--- INPUT RECORDS ---
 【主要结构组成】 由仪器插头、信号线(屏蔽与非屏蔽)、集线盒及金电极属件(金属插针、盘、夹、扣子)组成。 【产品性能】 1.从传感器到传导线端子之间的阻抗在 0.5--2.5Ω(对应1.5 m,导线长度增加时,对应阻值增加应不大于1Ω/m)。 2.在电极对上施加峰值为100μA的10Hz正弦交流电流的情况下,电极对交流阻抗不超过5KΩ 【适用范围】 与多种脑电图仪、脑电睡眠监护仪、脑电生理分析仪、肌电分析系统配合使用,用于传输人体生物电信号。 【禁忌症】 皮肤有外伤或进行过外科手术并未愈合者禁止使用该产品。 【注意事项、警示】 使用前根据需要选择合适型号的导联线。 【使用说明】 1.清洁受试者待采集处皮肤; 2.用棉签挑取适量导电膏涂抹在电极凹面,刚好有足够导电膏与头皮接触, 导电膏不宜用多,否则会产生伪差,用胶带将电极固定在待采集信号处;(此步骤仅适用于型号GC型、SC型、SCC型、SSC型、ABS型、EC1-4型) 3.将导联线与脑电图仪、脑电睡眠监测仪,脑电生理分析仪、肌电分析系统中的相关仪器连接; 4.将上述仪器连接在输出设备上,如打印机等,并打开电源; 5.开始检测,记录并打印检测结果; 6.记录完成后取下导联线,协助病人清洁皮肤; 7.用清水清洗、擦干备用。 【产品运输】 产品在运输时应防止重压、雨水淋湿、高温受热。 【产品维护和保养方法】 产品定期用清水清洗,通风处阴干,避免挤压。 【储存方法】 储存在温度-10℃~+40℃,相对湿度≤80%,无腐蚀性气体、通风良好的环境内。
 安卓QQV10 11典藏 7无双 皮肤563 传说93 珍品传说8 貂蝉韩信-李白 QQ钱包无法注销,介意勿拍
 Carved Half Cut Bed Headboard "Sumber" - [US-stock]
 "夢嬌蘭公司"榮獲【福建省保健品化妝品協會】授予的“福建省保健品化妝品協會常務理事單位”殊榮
---
--- INPUT RECORDS ---
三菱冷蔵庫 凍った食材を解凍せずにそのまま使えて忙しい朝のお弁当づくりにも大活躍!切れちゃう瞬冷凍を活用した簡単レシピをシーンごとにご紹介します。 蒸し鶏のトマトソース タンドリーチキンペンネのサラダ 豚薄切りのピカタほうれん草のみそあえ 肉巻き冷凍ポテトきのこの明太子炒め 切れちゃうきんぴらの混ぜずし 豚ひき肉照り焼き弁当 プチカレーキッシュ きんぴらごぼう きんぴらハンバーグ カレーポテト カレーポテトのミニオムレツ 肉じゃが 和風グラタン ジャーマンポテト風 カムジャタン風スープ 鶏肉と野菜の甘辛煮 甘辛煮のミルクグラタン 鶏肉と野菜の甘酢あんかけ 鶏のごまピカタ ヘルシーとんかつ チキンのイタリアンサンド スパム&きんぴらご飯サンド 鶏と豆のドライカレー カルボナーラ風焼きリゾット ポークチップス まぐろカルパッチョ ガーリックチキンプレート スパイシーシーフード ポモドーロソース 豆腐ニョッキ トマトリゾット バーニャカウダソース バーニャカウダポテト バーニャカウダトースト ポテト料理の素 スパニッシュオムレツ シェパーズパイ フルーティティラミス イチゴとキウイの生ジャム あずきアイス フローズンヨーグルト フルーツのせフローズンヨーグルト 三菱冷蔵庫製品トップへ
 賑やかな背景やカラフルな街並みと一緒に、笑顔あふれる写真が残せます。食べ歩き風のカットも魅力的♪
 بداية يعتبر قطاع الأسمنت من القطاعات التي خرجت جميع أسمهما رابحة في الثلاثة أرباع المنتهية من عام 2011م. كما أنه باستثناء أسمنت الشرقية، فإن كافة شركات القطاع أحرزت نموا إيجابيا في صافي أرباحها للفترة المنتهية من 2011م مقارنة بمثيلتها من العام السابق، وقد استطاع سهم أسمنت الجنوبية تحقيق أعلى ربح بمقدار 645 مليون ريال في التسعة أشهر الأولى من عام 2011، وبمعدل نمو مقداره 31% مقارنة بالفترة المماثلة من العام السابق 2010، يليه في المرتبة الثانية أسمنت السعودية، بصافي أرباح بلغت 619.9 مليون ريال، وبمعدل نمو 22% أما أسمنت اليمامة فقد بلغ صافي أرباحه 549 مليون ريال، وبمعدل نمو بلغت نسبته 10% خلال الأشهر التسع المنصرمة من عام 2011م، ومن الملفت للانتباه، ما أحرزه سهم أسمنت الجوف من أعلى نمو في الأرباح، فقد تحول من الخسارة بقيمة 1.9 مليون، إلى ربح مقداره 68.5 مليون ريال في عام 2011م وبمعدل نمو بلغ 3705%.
---
--- INPUT RECORDS ---
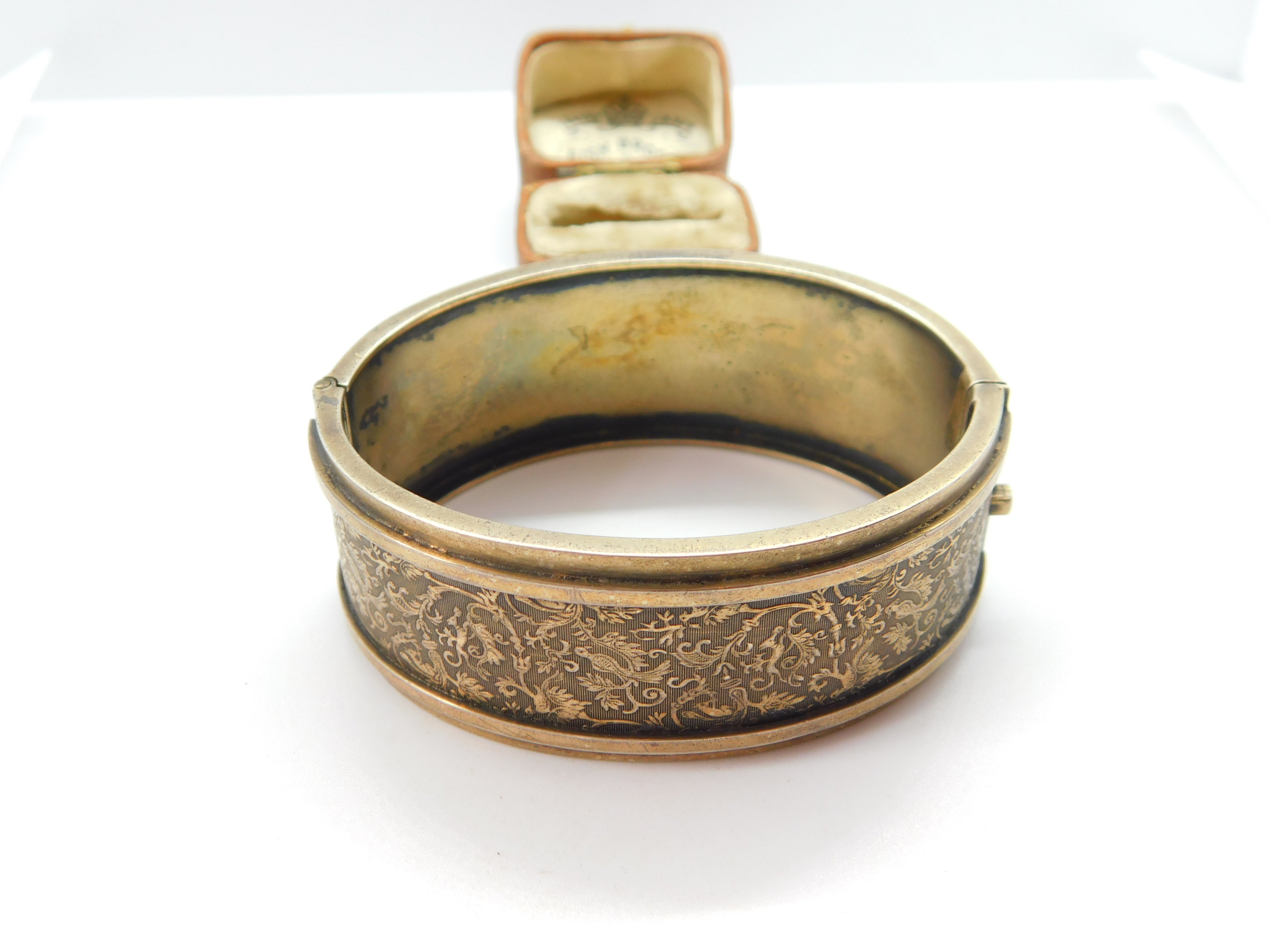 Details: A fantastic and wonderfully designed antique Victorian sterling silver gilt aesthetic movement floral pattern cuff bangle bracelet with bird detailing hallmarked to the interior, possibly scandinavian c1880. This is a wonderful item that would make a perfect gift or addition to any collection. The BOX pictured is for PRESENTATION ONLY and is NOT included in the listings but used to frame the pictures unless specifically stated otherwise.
---
▶ WHAT IS NEEDED
Copy exactly the stretch of data above from the line with "フローズンヨーグルト フルーツのせフローズンヨーグルト 三菱冷蔵庫製品トップへ" through the line with "بداية يعتبر قطاع", and omit all other lines.

▶ TASK SOLUTION
三菱冷蔵庫 凍った食材を解凍せずにそのまま使えて忙しい朝のお弁当づくりにも大活躍!切れちゃう瞬冷凍を活用した簡単レシピをシーンごとにご紹介します。 蒸し鶏のトマトソース タンドリーチキンペンネのサラダ 豚薄切りのピカタほうれん草のみそあえ 肉巻き冷凍ポテトきのこの明太子炒め 切れちゃうきんぴらの混ぜずし 豚ひき肉照り焼き弁当 プチカレーキッシュ きんぴらごぼう きんぴらハンバーグ カレーポテト カレーポテトのミニオムレツ 肉じゃが 和風グラタン ジャーマンポテト風 カムジャタン風スープ 鶏肉と野菜の甘辛煮 甘辛煮のミルクグラタン 鶏肉と野菜の甘酢あんかけ 鶏のごまピカタ ヘルシーとんかつ チキンのイタリアンサンド スパム&きんぴらご飯サンド 鶏と豆のドライカレー カルボナーラ風焼きリゾット ポークチップス まぐろカルパッチョ ガーリックチキンプレート スパイシーシーフード ポモドーロソース 豆腐ニョッキ トマトリゾット バーニャカウダソース バーニャカウダポテト バーニャカウダトースト ポテト料理の素 スパニッシュオムレツ シェパーズパイ フルーティティラミス イチゴとキウイの生ジャム あずきアイス フローズンヨーグルト フルーツのせフローズンヨーグルト 三菱冷蔵庫製品トップへ
 賑やかな背景やカラフルな街並みと一緒に、笑顔あふれる写真が残せます。食べ歩き風のカットも魅力的♪
 بداية يعتبر قطاع الأسمنت من القطاعات التي خرجت جميع أسمهما رابحة في الثلاثة أرباع المنتهية من عام 2011م. كما أنه باستثناء أسمنت الشرقية، فإن كافة شركات القطاع أحرزت نموا إيجابيا في صافي أرباحها للفترة المنتهية من 2011م مقارنة بمثيلتها من العام السابق، وقد استطاع سهم أسمنت الجنوبية تحقيق أعلى ربح بمقدار 645 مليون ريال في التسعة أشهر الأولى من عام 2011، وبمعدل نمو مقداره 31% مقارنة بالفترة المماثلة من العام السابق 2010، يليه في المرتبة الثانية أسمنت السعودية، بصافي أرباح بلغت 619.9 مليون ريال، وبمعدل نمو 22% أما أسمنت اليمامة فقد بلغ صافي أرباحه 549 مليون ريال، وبمعدل نمو بلغت نسبته 10% خلال الأشهر التسع المنصرمة من عام 2011م، ومن الملفت للانتباه، ما أحرزه سهم أسمنت الجوف من أعلى نمو في الأرباح، فقد تحول من الخسارة بقيمة 1.9 مليون، إلى ربح مقداره 68.5 مليون ريال في عام 2011م وبمعدل نمو بلغ 3705%.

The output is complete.